> [Exercise brief]
Each line from the top of the listing down to and including the line with "Nike FC Barcelona" must be duplicated exactly; pictures are to be skipped.

> [Data section]
>>>>
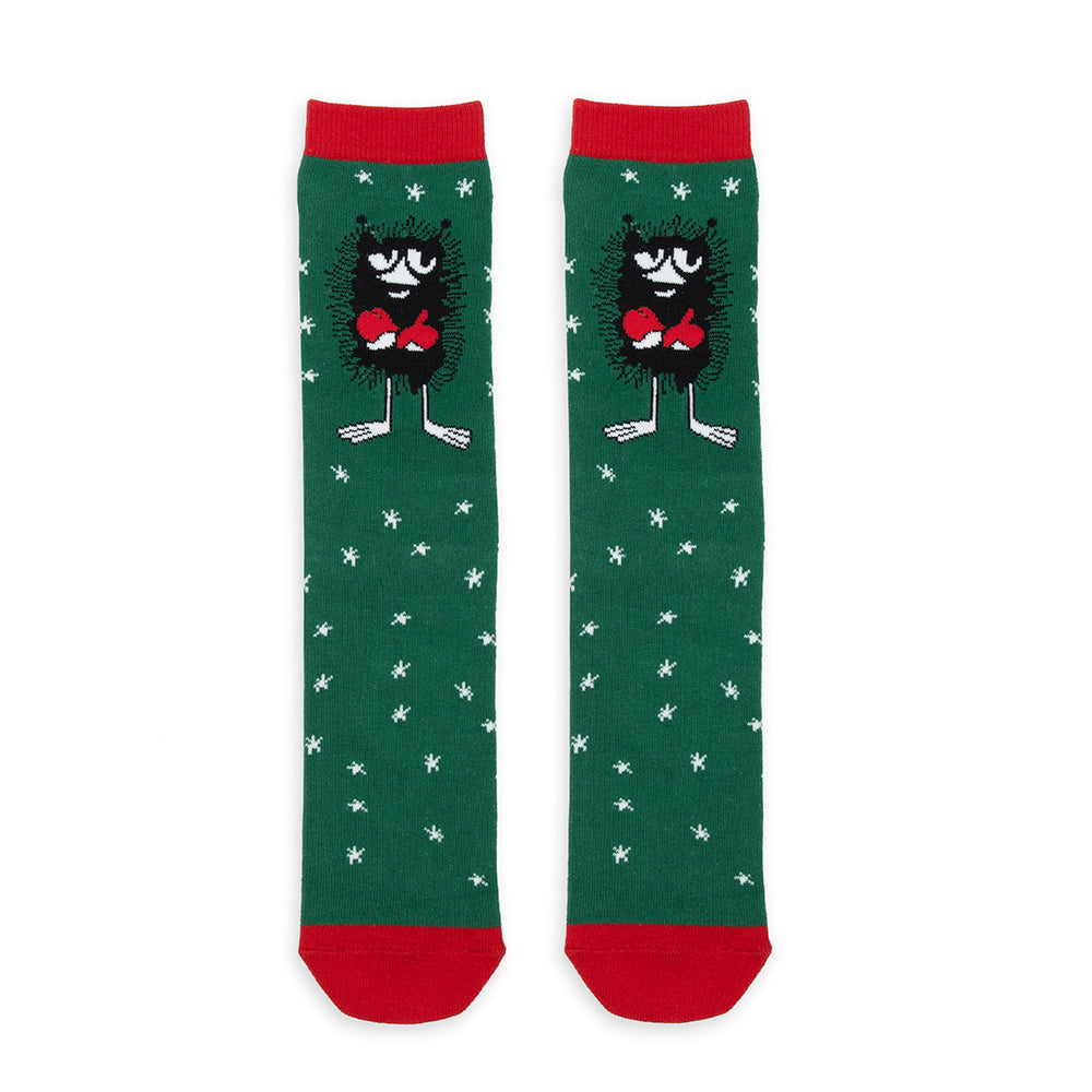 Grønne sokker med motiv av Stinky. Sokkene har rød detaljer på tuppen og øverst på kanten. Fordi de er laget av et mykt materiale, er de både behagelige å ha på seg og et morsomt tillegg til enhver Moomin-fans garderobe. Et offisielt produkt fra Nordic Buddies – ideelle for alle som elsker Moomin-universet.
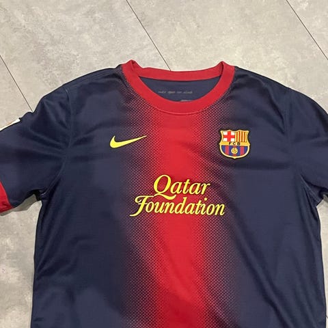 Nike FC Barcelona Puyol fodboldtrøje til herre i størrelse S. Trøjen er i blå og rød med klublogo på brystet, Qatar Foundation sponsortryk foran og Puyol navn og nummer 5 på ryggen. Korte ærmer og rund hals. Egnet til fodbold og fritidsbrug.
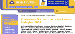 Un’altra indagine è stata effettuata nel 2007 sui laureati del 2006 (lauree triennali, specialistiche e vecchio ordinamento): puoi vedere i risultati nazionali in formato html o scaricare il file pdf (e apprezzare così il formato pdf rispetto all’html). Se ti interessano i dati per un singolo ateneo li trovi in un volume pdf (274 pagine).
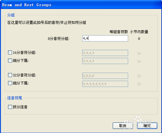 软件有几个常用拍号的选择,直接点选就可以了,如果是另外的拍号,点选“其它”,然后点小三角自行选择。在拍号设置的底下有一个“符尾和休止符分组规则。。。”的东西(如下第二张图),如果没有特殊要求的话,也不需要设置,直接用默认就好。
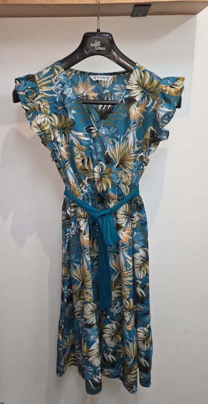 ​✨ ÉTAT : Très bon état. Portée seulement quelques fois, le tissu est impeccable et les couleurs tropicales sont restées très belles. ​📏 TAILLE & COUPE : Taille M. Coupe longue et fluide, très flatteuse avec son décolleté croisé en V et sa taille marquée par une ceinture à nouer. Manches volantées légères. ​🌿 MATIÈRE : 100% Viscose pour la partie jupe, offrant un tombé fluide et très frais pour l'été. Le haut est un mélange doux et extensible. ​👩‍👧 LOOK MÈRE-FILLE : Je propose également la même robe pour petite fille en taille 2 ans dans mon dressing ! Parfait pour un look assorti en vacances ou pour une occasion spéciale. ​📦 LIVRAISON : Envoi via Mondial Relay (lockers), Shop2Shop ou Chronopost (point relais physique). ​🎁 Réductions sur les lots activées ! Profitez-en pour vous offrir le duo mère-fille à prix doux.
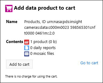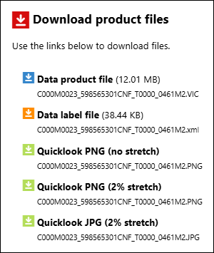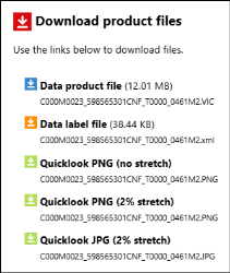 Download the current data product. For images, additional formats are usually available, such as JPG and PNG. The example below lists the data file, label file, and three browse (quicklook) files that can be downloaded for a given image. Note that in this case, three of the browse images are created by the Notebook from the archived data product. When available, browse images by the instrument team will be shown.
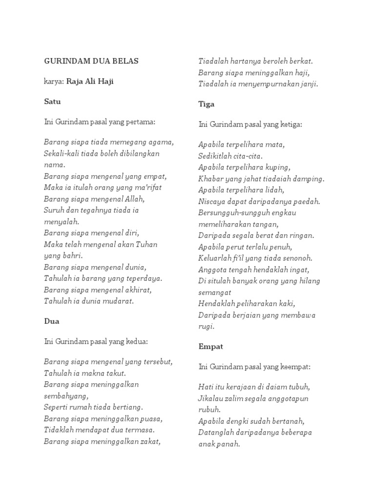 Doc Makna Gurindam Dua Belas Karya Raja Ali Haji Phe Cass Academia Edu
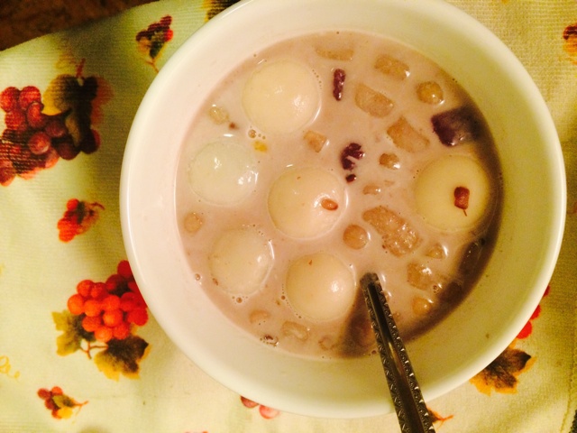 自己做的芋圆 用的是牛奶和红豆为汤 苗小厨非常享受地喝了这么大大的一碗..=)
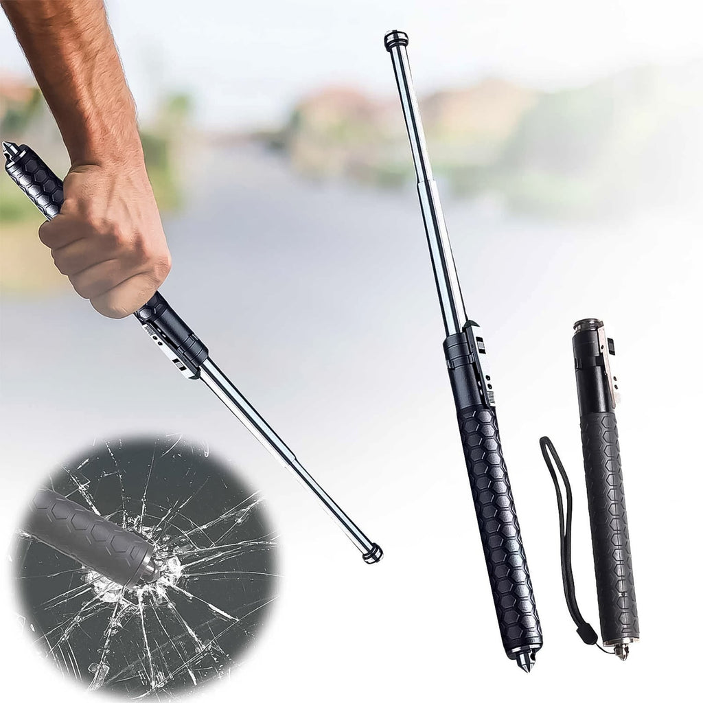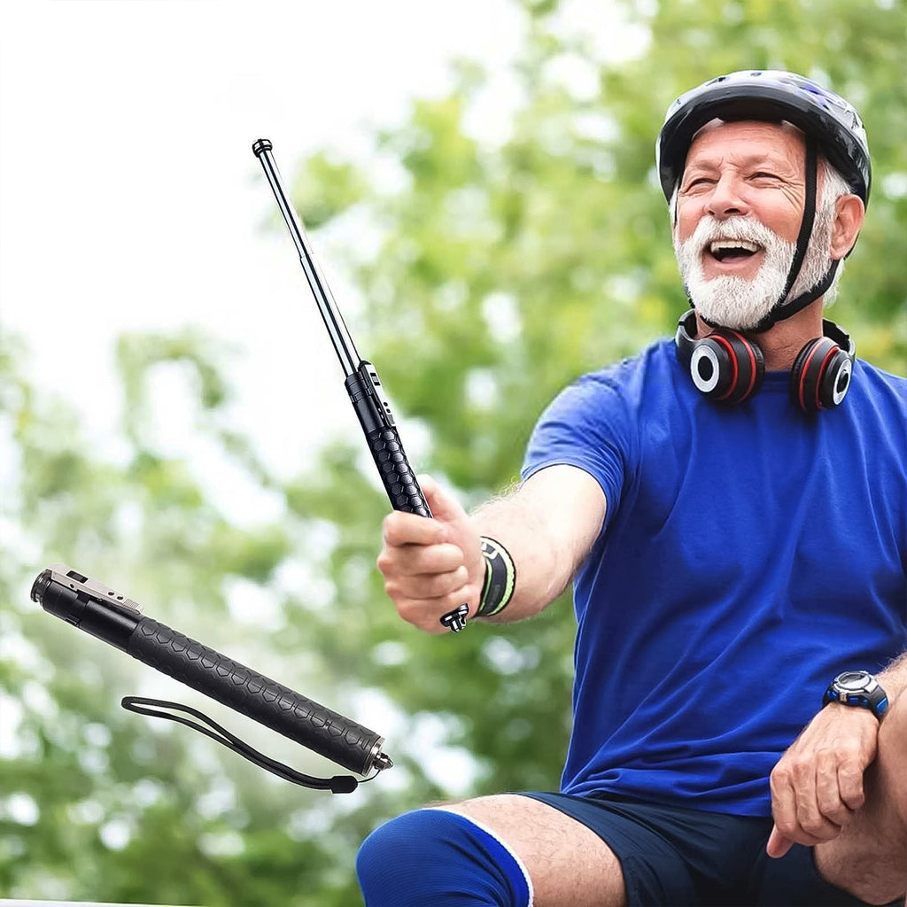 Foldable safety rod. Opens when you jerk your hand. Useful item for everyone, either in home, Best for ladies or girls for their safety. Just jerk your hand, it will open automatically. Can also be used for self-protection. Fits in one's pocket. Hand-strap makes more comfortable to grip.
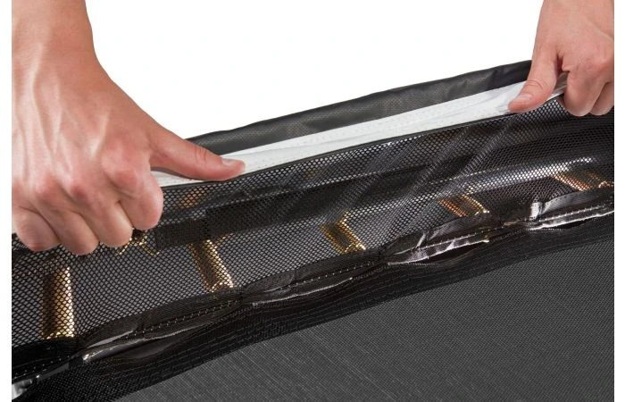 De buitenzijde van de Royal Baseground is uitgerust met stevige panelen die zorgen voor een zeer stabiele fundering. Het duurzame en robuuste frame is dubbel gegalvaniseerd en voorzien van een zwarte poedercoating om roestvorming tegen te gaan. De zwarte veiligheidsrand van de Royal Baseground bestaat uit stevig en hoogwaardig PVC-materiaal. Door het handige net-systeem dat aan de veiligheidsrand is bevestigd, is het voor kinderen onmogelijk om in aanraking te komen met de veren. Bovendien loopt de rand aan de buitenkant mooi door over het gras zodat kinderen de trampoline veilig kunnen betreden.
<<<<
> [Response to this task]
 Grønne sokker med motiv av Stinky. Sokkene har rød detaljer på tuppen og øverst på kanten. Fordi de er laget av et mykt materiale, er de både behagelige å ha på seg og et morsomt tillegg til enhver Moomin-fans garderobe. Et offisielt produkt fra Nordic Buddies – ideelle for alle som elsker Moomin-universet.
 Nike FC Barcelona Puyol fodboldtrøje til herre i størrelse S. Trøjen er i blå og rød med klublogo på brystet, Qatar Foundation sponsortryk foran og Puyol navn og nummer 5 på ryggen. Korte ærmer og rund hals. Egnet til fodbold og fritidsbrug.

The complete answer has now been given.